Macrostrat's database backup service enables on-demand and periodic backups of PostgreSQL databases to local directories and remote S3 buckets. The service is designed to be run in a standalone Docker container, and is typically configured with environment variables.
It is based on pg_dump and Rclone and was initially created as a built-in backup service for the Sparrow data system.
Local backup to a directory and/or backup to a remote S3 bucket are supported, depending on which environment variables are set.
By default, the image runs the backup-service command for periodic backups. A
backup-db command that runs a one-off backup is also provided;
this can be run using
docker run pg-backup-service backup-db
with the appropriate environment variables.

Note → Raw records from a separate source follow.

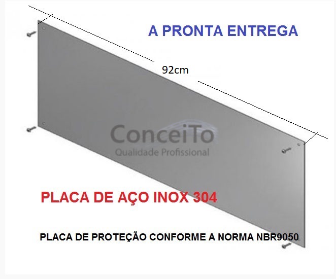 Placas conforme a norma NBR9050. Possui alta resistência a impacto e corrosão. A placa de proteção ou chapa de impacto acompanha os parafusos de fixação. Medidas: 40x80cm – 40x82cm – 40×90 – 40×92 – 40×102, fabricamos sob medidas, escolha seu modelo ou consulte-nos.
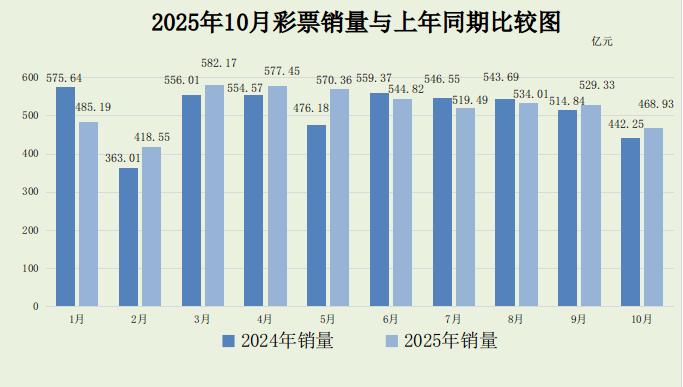 中新网11月24日电 据财政部网站消息,财政部24日在其官网公布2025年10月份全国彩票销售情况。10月份,全国共销售彩票468.93亿元,同比增加26.68亿元,增长6.0%。1-10月累计,全国共销售彩票5230.30亿元,同比增加98.
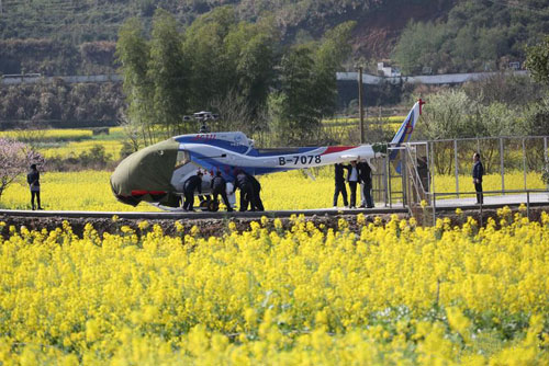 婺源推出乘直升机看油菜花 空中俯瞰金色花海
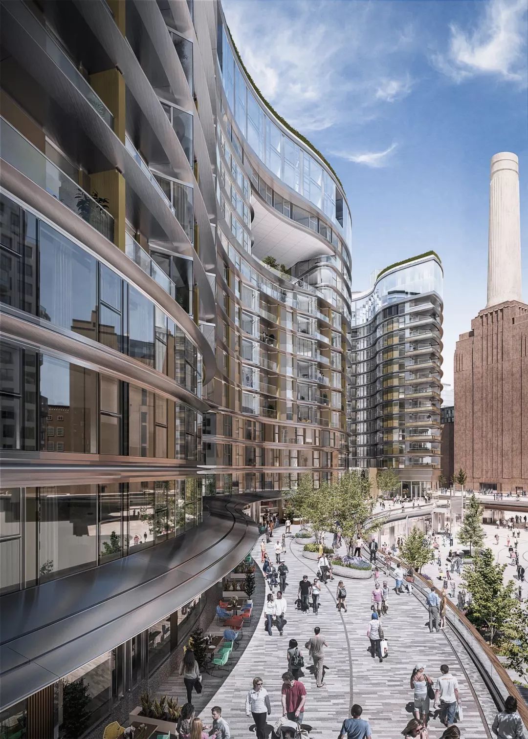 Battersea Roof Gardens 毗邻巴特西发电站,由著名设计事务所 Foster+Partners 打造,项目以其独特的波浪般蜿蜒造型引人注目,两端分别容纳医疗中心和酒店,而中间则是公寓楼。建筑的带状外观采用了白色混凝土、金属和大量玻璃,呈现出优雅轻盈的外观。同时,建筑中空出的一些部分被设计成花园,丰富了整体环境。
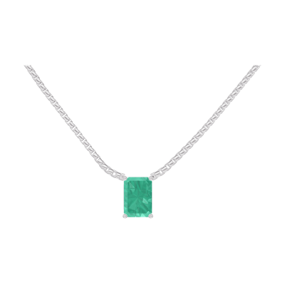 « L'ATELIER » NR 202280Naszyjnik Białe złoto 375 - Szmaragd Prostokąt 0.3 karat - Łańcuszek Wenecjana
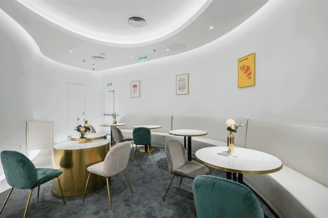 店内流线的装饰,时尚简约;松软的沙发,让人恨不得陷进去;创意的挂画、带着明媚地中海风的爵士音乐都让你心身放松。
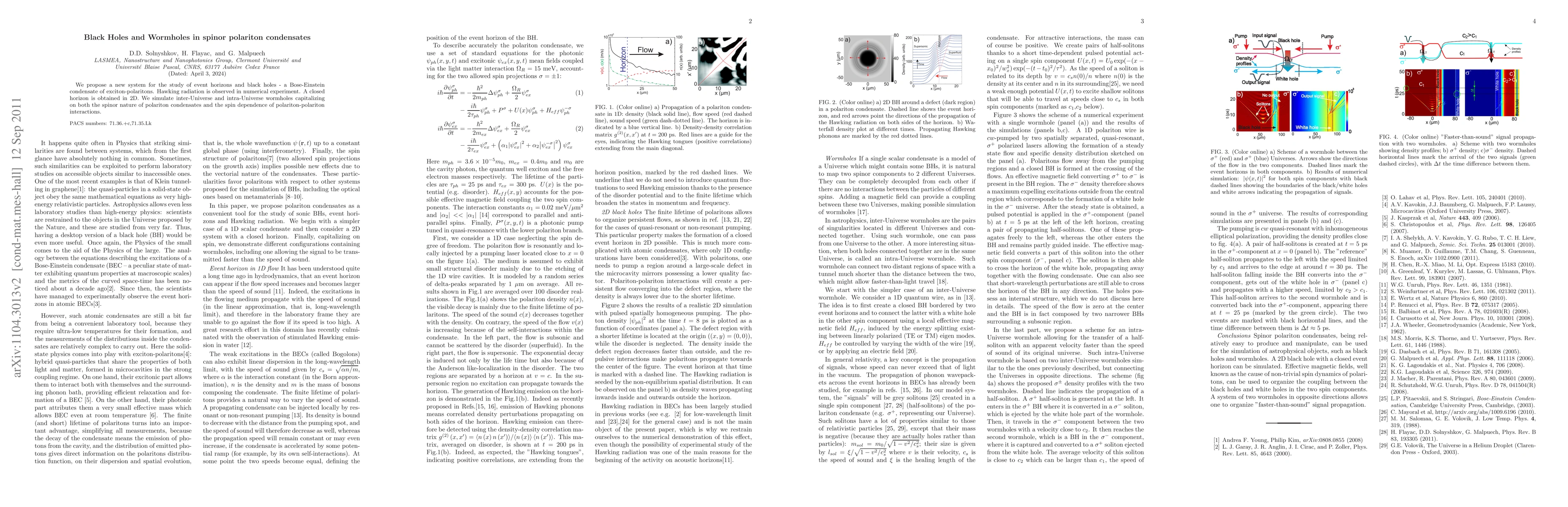 This paper proposes a Bose-Einstein condensate of exciton-polaritons as a novel system to study event horizons and black holes, observing Hawking radiation in numerical simulations. The research also explores the simulation of wormholes, both inter-Universe and intra-Universe, leveraging the spinor properties and spin-dependent interactions of polariton condensates.
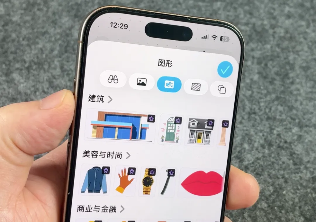 除了基础的几何图标,iOS 26.4还新增了探索、照片、图形,以及背景四个项目,这四个项目中的部分素材是需要付费才能使用的。
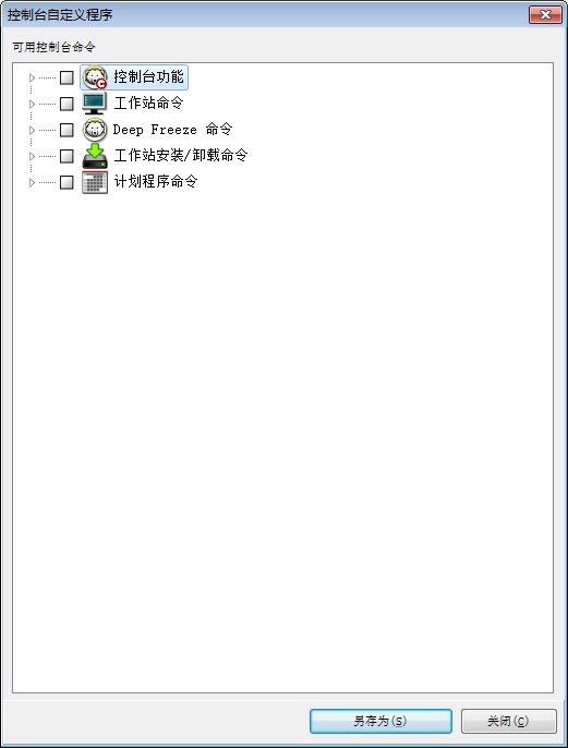 控制台自定义程序 使用控制台自定义程序,您可以指定可以在控制台中使用的功能和命令,并可将结果另存为一个新控制台,且该控制台可在组织中分发。 可用设置分组为不同类别(控制台功能,工作站命令,Deep Freeze 命令,工作站安装/卸载命令和计划程序命令)。单击每个类别左端的加号 (+) 图标,可显示该类别中可用设置的完整列表。 根据需要选择或清除各个复选框。或者,一次选择或清除所有类别。被清除的设置在您新建的企业控制台中不能使用。有关在实际情形下如何使用控制台自定义程序的示例,请参阅附录 D。 若要创建具有有限功能的控制台,请完成以下步骤: 1. 选择工具 > 控制台自定义程序。 2. 此时将显示控制台自定义程序。 3. 选择要在新控制台中显示的功能。 4. 单击另存为保存控制台。为文件指定名称。 5. 如果右键单击新建的 .exe 文件,则会启动具有有限功能的控制台。

Backups are named using an optional prefix, the database name, a 10-character file hash, and a timestamp, as such:
$DB_BACKUP_PREFIX/$dbname-5e753082e5-2021-11-01T20:51:55.pg-dump
This project is useful for low-intensity applications, but for larger-scale systems, using an incremental/streaming backup system like Barman or PGBackRest is recommended.
The application is configured with environment variables, allowing easy integration into Docker-centric workflows.

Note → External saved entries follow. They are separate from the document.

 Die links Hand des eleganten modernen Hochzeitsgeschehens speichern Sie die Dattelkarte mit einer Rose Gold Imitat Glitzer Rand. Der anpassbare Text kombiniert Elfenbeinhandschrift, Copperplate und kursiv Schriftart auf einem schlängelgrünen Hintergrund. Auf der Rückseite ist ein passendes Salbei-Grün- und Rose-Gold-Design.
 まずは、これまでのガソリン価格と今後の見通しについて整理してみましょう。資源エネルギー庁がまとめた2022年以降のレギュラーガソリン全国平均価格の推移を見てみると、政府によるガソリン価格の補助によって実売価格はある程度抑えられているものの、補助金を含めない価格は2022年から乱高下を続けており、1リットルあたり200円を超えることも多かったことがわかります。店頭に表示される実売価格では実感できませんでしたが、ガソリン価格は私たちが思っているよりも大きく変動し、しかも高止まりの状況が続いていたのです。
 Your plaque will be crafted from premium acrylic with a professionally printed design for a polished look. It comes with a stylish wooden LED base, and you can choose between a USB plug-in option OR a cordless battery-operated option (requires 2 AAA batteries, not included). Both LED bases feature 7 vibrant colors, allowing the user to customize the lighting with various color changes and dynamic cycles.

The name of the database to back up to (DB_NAME takes precedence)
With DB_NAME, a comma-separated string can be provided to back up multiple databases.
Other common PostgreSQL connection variables are also supported, such as:
PGHOST(default:localhost)PGPORT(default:5432)PGUSER(default:postgres)PGPASSWORD(no default)
This service is primarily designed to support backup to an S3-compatible storage bucket. S3 buckets are provided
by most storage providers including many university IT systems. Macrostrat's backup services are typically used with
s3.drive.wisc.edu.
S3_ENDPOINT: the S3 endpoint (Required for cloud backup)S3_ACCESS_KEY: the S3 access key (Required for cloud backup)S3_SECRET_KEY: the S3 secret key (Required for cloud backup)S3_BACKUP_BUCKET: the S3 bucket (Required for cloud backup)
DB_BACKUP_DIR: the directory to back up to (Required for local backup).
In order to back up the database outside of the docker container, you will need to mount this directory on the host machine:
docker run \
--env DB_BACKUP_DIR=/db-backups \
--volume /local-backups:/db-backups \
pg-backup-service
Backups are scheduled using the go-cron library; the schedule
is set by the SCHEDULE environment variable. Schedules can be
set to a crontab-style format, or more appealingly, a simple format: @daily, @hourly, @weekly, @every 100s etc.
See the go-cron documentation for more information.
By default, no schedule is applied, and a single backup is performed on startup.
DB_BACKUP_PREFIX: A prefix for database backups. If provided, all backups will be put within a specific namespace or folder. This is useful for sharing a bucket between many different database backup jobs.DB_BACKUP_MAX_N: the maximum number of backups to keep (default:10)PGDUMP_OPTIONS: additional options to pass topg_dumpfor all backup jobs.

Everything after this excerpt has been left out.